What is required: Go through the records below and copy out every line holding "from".

━━ Exercise material

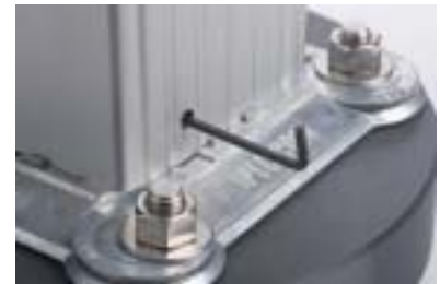
5/32" Hex Wrench Used To Lock/Unlock Pedestal

The IP3 Pedestal is anchored using the universal mounting rings provided allowing for a wide range of bolt patterns from 6" to 7" spacing. Standard bolt size is 5/8". To mount, position the enclosure over the mounting bolts in the concrete base and place the mounting rings over the bolts rotating them until they fit in place. Install the stainless steel washers provided over the bolts and finger snug the mounting nuts (not included) before tightening.
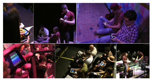
Figure 4 echobo performance footage<sup>1</sup>. A total of 105 participants joined the performance.

For future work, we wish to extend the application for more general musical styles in terms of its mapping and sounds. While keeping the key concept – a master musician restricting the musical expressivity of each audience member – we can make both the sound synthesis and mapping parts (chord-scale) of the application programmable so that an artist can personalize the musical instrument depending on the composition.
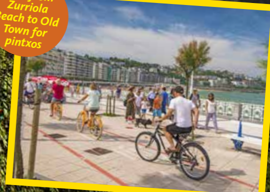
Ride from Zurriola Beach to Old Town for pintxos

WORDS BY DANIELLE SHERRING

━━━━

The answer:
The IP3 Pedestal is anchored using the universal mounting rings provided allowing for a wide range of bolt patterns from 6" to 7" spacing. Standard bolt size is 5/8". To mount, position the enclosure over the mounting bolts in the concrete base and place the mounting rings over the bolts rotating them until they fit in place. Install the stainless steel washers provided over the bolts and finger snug the mounting nuts (not included) before tightening.
Ride from Zurriola Beach to Old Town for pintxos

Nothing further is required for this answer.